**Collected data**.
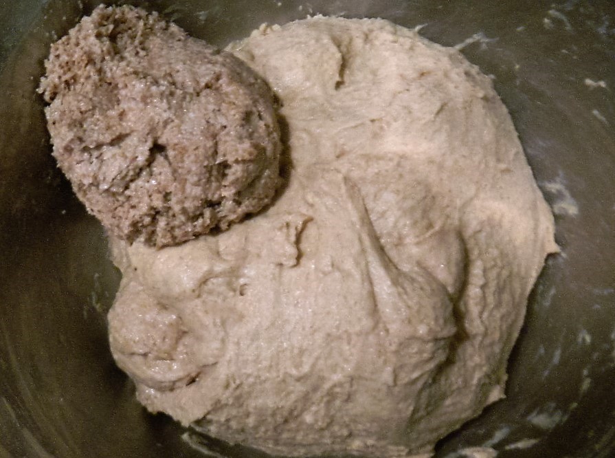 The levain was made from 10 g of our long fridge stored NMNF stiff rye starter. It as bit on the small side at 8.33% pre-fermented 18% extraction bran sifted from the fresh milled whole grains, but it is still in the low 100’s here and things move very fast when it comes to wee beasties working in levains and bread dough.
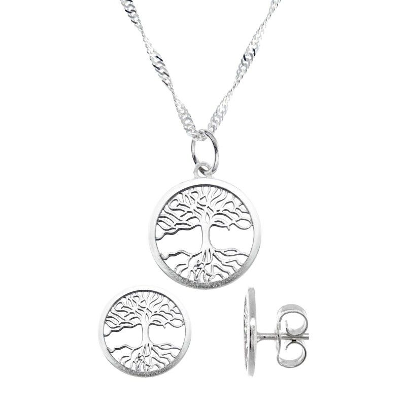 CONJUNTO COLGANTE CON CADENA Y PENDIENTES ARBOL DE LA VIDA. COLOR PLATA
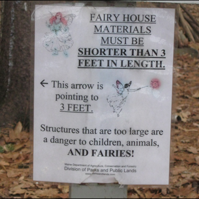 I'm thinking the boys and tomboys, perhaps with the collusion of their dads, had hauled logs, larger branches and pieces of driftwood to make tepee-shaped hobbit houses with yawning doorways. A supplemental sign, merely laminated paper, forbade the use of any wood longer than three feet, arguing that large structures could be dangerous to animals, children and in bold, block letters, to FAIRIES.
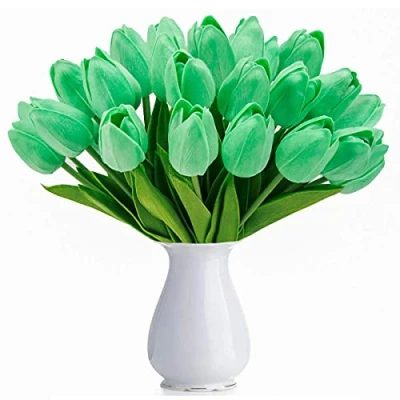 HAOSHICS Artificial Tulips Fake Holland Tulip Real Touch Bouquet Flowers Latex for Wedding Home Hotel Party Garden Decor, Multicolor 10PCS (Green)

**Problem to solve**. Everything above except the pictures needs to be reproduced exactly.

**Answer for this exercise**.
 The levain was made from 10 g of our long fridge stored NMNF stiff rye starter. It as bit on the small side at 8.33% pre-fermented 18% extraction bran sifted from the fresh milled whole grains, but it is still in the low 100’s here and things move very fast when it comes to wee beasties working in levains and bread dough.
 CONJUNTO COLGANTE CON CADENA Y PENDIENTES ARBOL DE LA VIDA. COLOR PLATA
 I'm thinking the boys and tomboys, perhaps with the collusion of their dads, had hauled logs, larger branches and pieces of driftwood to make tepee-shaped hobbit houses with yawning doorways. A supplemental sign, merely laminated paper, forbade the use of any wood longer than three feet, arguing that large structures could be dangerous to animals, children and in bold, block letters, to FAIRIES.
 HAOSHICS Artificial Tulips Fake Holland Tulip Real Touch Bouquet Flowers Latex for Wedding Home Hotel Party Garden Decor, Multicolor 10PCS (Green)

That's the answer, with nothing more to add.